*Provided material*.
----

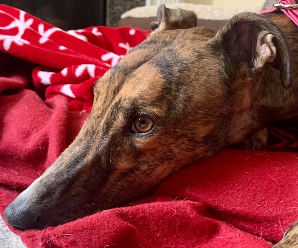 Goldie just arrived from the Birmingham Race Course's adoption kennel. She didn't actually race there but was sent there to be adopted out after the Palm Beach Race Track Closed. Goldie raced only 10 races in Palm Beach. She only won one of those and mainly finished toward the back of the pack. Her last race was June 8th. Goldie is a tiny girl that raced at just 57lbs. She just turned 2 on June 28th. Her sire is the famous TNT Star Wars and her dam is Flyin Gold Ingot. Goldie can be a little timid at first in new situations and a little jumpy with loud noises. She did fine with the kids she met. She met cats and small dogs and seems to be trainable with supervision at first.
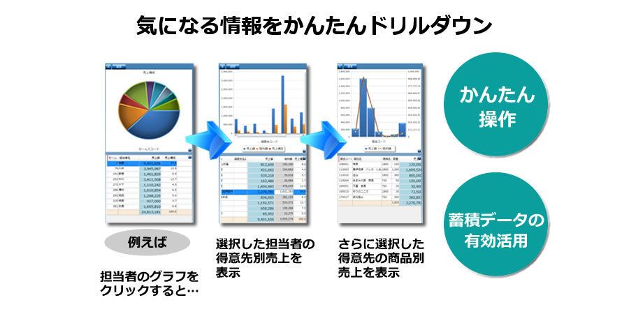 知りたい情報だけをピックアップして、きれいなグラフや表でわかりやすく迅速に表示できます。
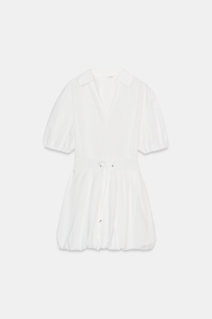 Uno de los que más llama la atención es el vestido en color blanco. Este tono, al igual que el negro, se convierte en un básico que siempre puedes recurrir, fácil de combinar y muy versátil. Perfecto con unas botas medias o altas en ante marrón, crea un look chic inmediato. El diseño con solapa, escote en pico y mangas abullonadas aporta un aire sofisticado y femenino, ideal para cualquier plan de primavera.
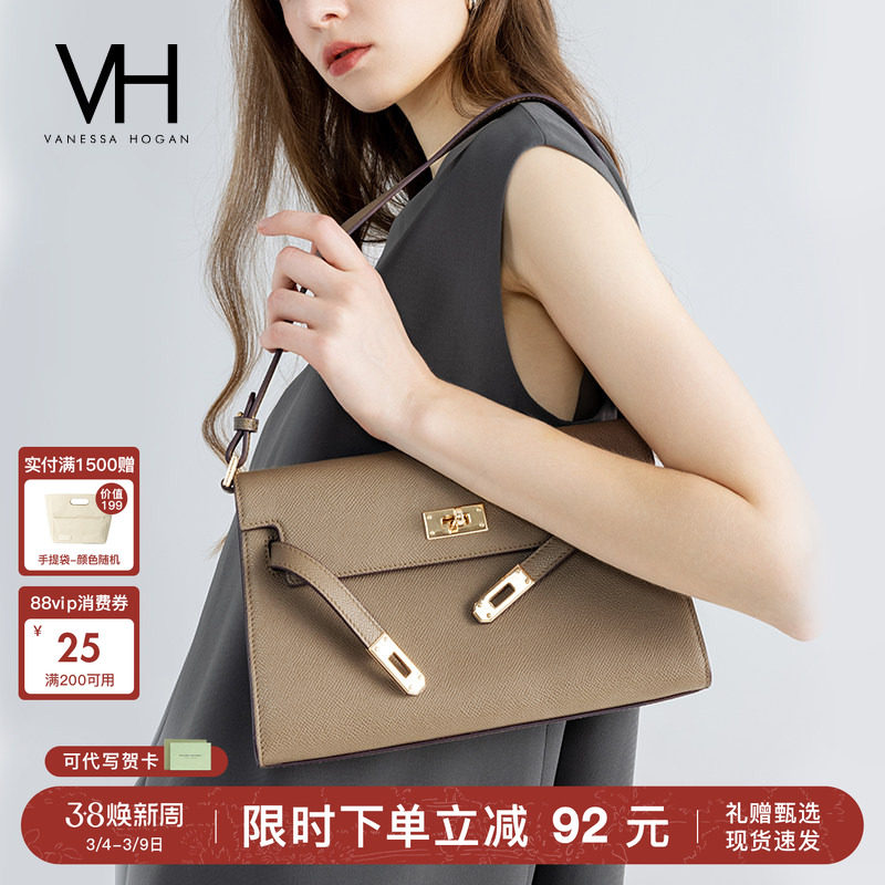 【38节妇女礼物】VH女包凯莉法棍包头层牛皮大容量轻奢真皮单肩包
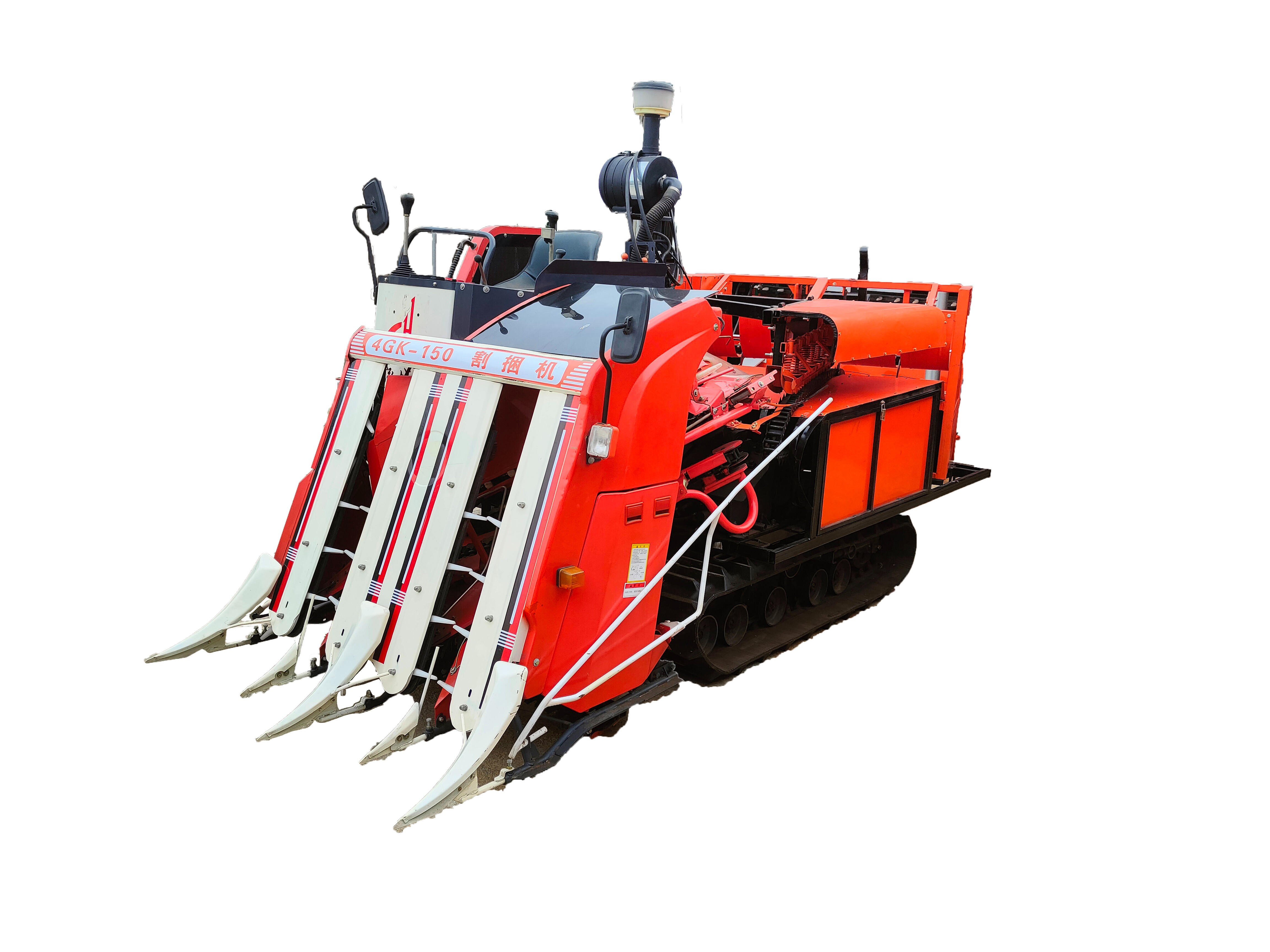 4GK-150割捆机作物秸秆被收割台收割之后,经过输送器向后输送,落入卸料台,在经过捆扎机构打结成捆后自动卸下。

----

*Task to complete*.
Copy the records exactly as they appear, excluding images.

*Exercise solution*.
 Goldie just arrived from the Birmingham Race Course's adoption kennel. She didn't actually race there but was sent there to be adopted out after the Palm Beach Race Track Closed. Goldie raced only 10 races in Palm Beach. She only won one of those and mainly finished toward the back of the pack. Her last race was June 8th. Goldie is a tiny girl that raced at just 57lbs. She just turned 2 on June 28th. Her sire is the famous TNT Star Wars and her dam is Flyin Gold Ingot. Goldie can be a little timid at first in new situations and a little jumpy with loud noises. She did fine with the kids she met. She met cats and small dogs and seems to be trainable with supervision at first.
 知りたい情報だけをピックアップして、きれいなグラフや表でわかりやすく迅速に表示できます。
 Uno de los que más llama la atención es el vestido en color blanco. Este tono, al igual que el negro, se convierte en un básico que siempre puedes recurrir, fácil de combinar y muy versátil. Perfecto con unas botas medias o altas en ante marrón, crea un look chic inmediato. El diseño con solapa, escote en pico y mangas abullonadas aporta un aire sofisticado y femenino, ideal para cualquier plan de primavera.
 【38节妇女礼物】VH女包凯莉法棍包头层牛皮大容量轻奢真皮单肩包
 4GK-150割捆机作物秸秆被收割台收割之后,经过输送器向后输送,落入卸料台,在经过捆扎机构打结成捆后自动卸下。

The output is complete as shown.